I fired a therapist who had a nasty habit of treating me the way his abusive parents treated him, and erasing memories of these incidents. The group had no power to stand up to this wounded authority figure because they lacked insight into the process of how one is attracted to the wounding authority figure the way an abused woman stays with an abusive man: she wants him to change because she is fighting the old battle from childhood instead of recognizing that being treated properly has a real payoff - her cognitive emotional filters don't give her the same payoff as a girl who was admired and allowed to express love toward women and men rather than erased and caused pain. I see the same adaptive process at work in all human interactions and no one has complete control over the natural adaptive properties of the human body and brain. Sometimes for me it is like watching a tragedy in slow motion.

Changing behavior does not change one's cognitive filters. A criminal typically refrains from crime in situations where the odds are high of getting punished. This ability to behave according to the accepted or lawful norm does not reduce the impulse to harm others when one can get away with it. Many parents mistreat their children in privacy or have aggressive control issues over small children, but act normal in public. Thus there are patterns of cognitive filters and behavior at work.

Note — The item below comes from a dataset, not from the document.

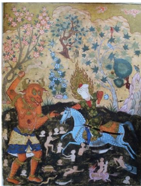
تصویر ۱۰. نجات مردم از دست دیو توسط امام رضا (ع)، فالنامه، موزه لوور، مأخذ: (Ibid, 133).

بی‌ریای عوام نسبت به بزرگان شیعه، ساخته شده‌اند. موجودات دیوسان در تخیل مردم ایران به منزله دشمن قهرمانان نیک شناخته می‌شوند و نبرد با دیوها یکی از ویژگی‌های قهرمانان قصه‌های عامیانه ایرانی است. از این رو، مردم برای بالا بردن مقام شخصیت‌های مذهبی، قصه‌هایی درباره نبرد این شخصیت‌ها با موجودات شر ساخته‌اند که در این نگاره، یکی از همین قصه‌ها به تصویر درآمده است. در این نگاره، امام رضا (ع) با روپند چهره، شعله‌های نورانی دور سر و لباسی فاخر، بر اسبی آبی‌رنگ دیده می‌شود که نیزه‌ای به شکم دیوی بزرگ و خشن وارد کرده است. لباس حضرت امام رضا (ع) با توجه به ایمان و اعتقاد ذاتی اش به رنگ روحانی سبز است؛ قرآن کریم این رنگ را رنگی بهشتی می‌داند و در اینجا نماد دسترسی به قرب الهی الله است (علی پور، ۹۸). رنگ سبز رنگ اسلام، ولایت و طهارت است. رنگ آبی استفاده شده برای اسب، نشان معصومیت صاحب آن است. رنگ آبی، رنگی آرام و الهی و آسمانی است و به معنای رحمت الهی نیز بیان شده است (آیت‌اللهی، ۱۶۴). برخلاف تصویر دیو که مضطرب و سرکش به نظر می‌رسد، امام مظهر آرامش است. همچنین، هنرمند، اندازه دیو را بسیار بزرگ‌تر از امام نشان داده تا بر اهمیت کار امام یعنی مبارزه با پلیدی بیفزاید. رنگ نارنجی متمایل به قرمز دیو رامی‌توان نماد تمایل‌های دنیوی، تهاجم، خسونت و وسوسه‌های شیطانی دانست که مردم را به ضلالت می‌کشاند.

Stuart Schneiderman said...

I wrote two books about the differences between shame and guilt. You might want to consult them.

Anonymous said...

Centuries ago the philosopher Baruch Spinoza provided a reductionist model of emotion which conforms to my experience. Spinoza wrote: emotion is a feeling of desire, pleasure, or pain accompanied by an idea about its cause. The causal ideas evoke muscle-memories including speech and gestures because we are social animals (apes) who learn via interaction with others from an early age.

Guilt means, "I am in pain and its my fault."

Shame means, "I am in pain and I'm not good enough to make it stop."

A therapeutic (healing) process requires not only a change in behavior but a corresponding change in the content of one's ideas triggered autonomously in the body/brain. When it permits a person to transform his or her experience from one dominated by pain to one dominated by authentic pleasure in commonly recurrent social context then I would refer to the healing process as unshaming.

Stuart Schneiderman said...

As I said, you should read what I have written about shame and guilt. Your definitions are clearly inadequate.

Anonymous said...

In your emotional judgment the definitions I articulated are clearly inadequate. But to decide whether my definitions are adequate or inadequate I infer from my experience that you must be experience some mixture of pleasure and pain while reading my words above (even if you are not conscious of the process while I am aware of such process). Therefore in my emotional judgment my definitions are adequate.

Ignatius Acton Chesterton OCD said...

And now we see the limits of subjectivism.